Konstantin Yuon and his wonderful pictures
Konstantin Yuon was a Russian painter, landscape master, theater artist, art theorist. By the way, he was academician of the Academy of Arts of the USSR, People’s Artist of the USSR (1950). In 1943 Konstantin became a winner of the Stalin Prize.
Konstantin Fedorovich Yuon was born on October 24, 1875 in Moscow into a German-speaking Swiss family. His father was an employee of the insurance company and later became its director, and his mother was an amateur musician. There were four sons in the family. And what is most interesting, all four brothers after marriages had only sons. His brother, composer Paul Yuon, a professor at the Berlin Conservatory, stayed in Germany after the revolution. When Adolf Hitler came to power, he emigrated to his historic homeland, to Switzerland, where he died. By the way, people called Paul Russian Brahms.
From 1892 to 1898, Konstantin studied at the Moscow School of Painting, Sculpture and Architecture. His teachers were great masters Konstantin Savitsky, Abram Arkhipov, Nikolai Kasatkin. After graduating from school, Yuon worked in the workshop of Valentin Serov for two years. Then he founded his own studio in which he taught from 1900 to 1917 together with Ivan Dudin. His pupils were Alexander Kuprin, Vladimir Favorsky, Vera Mukhina and many others.
In 1900, Konstantin married peasant Claudia Nikitina Alekseevna (1883-1965) in the village Ligachevo. Since then the artist has lived and worked in this village for a long time. They were happy together.
In 1903, Yuon became one of the founders of the Union of Russian Artists. Also he was a member of the World of Art association.
You know, the artist designed the production of the opera Boris Godunov in Paris, as part of the Russian Seasons by Sergei Dyagilev.
Before the revolution, the main theme of Yuon’s creative work was the landscapes of Russian cities (Moscow, Sergiyev Posad, Nizhny Novgorod and others) with churches, women in folk costumes, and traditional Russian life.
After the revolution, Konstantin stayed in Russia. In response to the revolutionary events, Yuon created the picture New Planet, the interpretations of which vary up to the exact opposite. In Soviet times, it was believed that Yuon depicted the “cosmic-creating significance of the Great October Socialist Revolution.” In modern Russia, it was reproduced, in particular, on the cover of Ivan Shmelev’s book The Sun of the Dead, which describes the Red Terror in Crimea.

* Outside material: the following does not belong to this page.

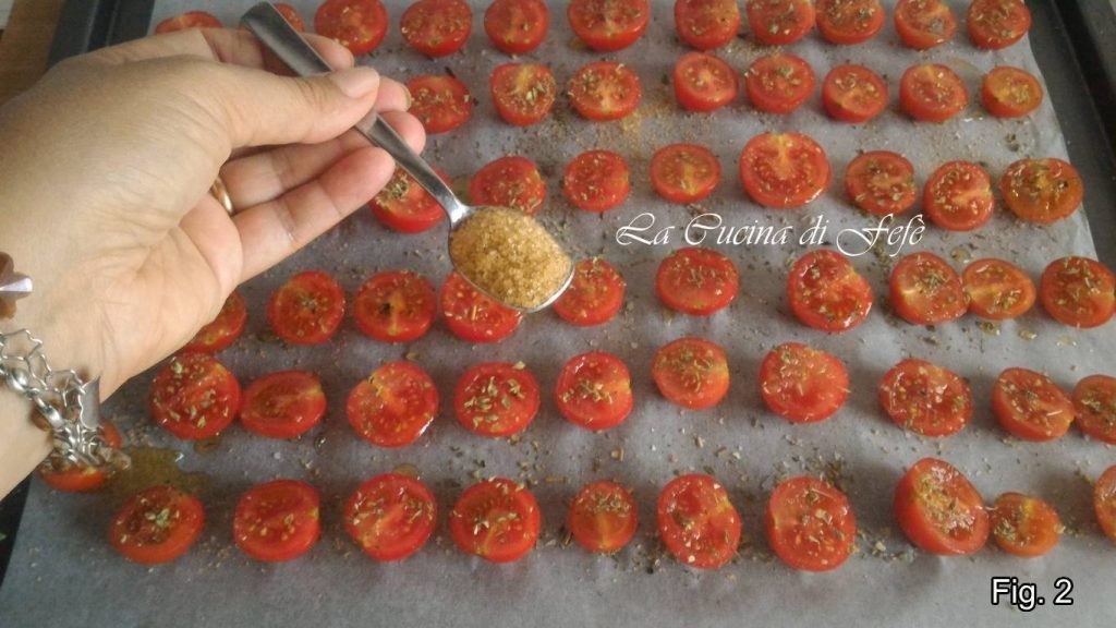 Disposez les tomates cerises face ouverte vers le haut sur une plaque de cuisson recouverte de papier sulfurisé, répartissez du sel à votre goût, du poivre moulu, de l’origan, un filet d’huile sur toutes les tomates cerises et enfin le sucre de canne. Cuisez dans un four préchauffé à 150°C pendant environ 1h20′ ** (fig. 2).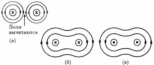 Рис. 7.4. Два проводника с одинаковыми направлениями токов (а) и их результирующее магнитное поле (6, в).

In 1923 he finished the painting Parade of the Red Army. And in 1925, Yuon became a member of the Association of Artists of Revolutionary Russia.

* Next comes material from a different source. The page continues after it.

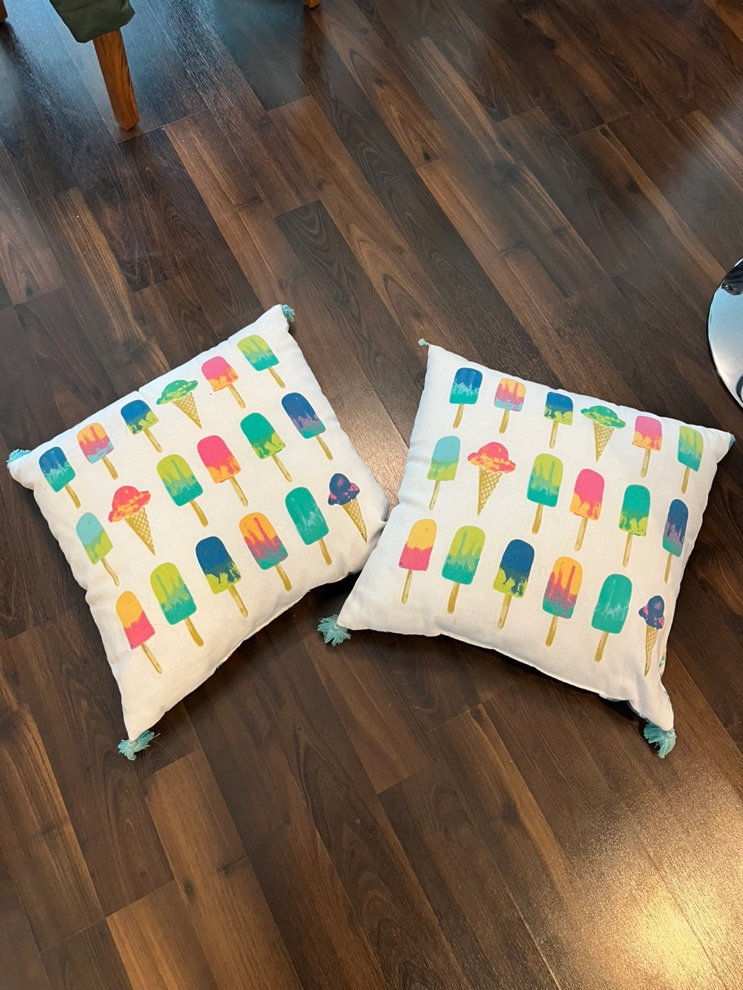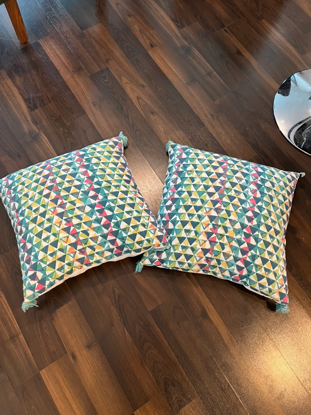 Pair of square throw pillows. Geometric and ice cream cone prints. Light coloured cotton fabric. Teal tassels on each corner. Perfect for adding a pop of colour to your living room or bedroom.

From 1948 to 1950, the artist worked as a director of the Research Institute of Theory and History of Fine Arts of the Academy of Arts of the USSR.
By the way, from 1952 to 1955 he taught at the Moscow Art Institute, as well as in a number of other educational institutions. Since 1957, he was the first secretary of the USSR Union of Artists.
Konstantin Yuon died on April 11, 1958 in Moscow and was buried at the Novodevichy Cemetery.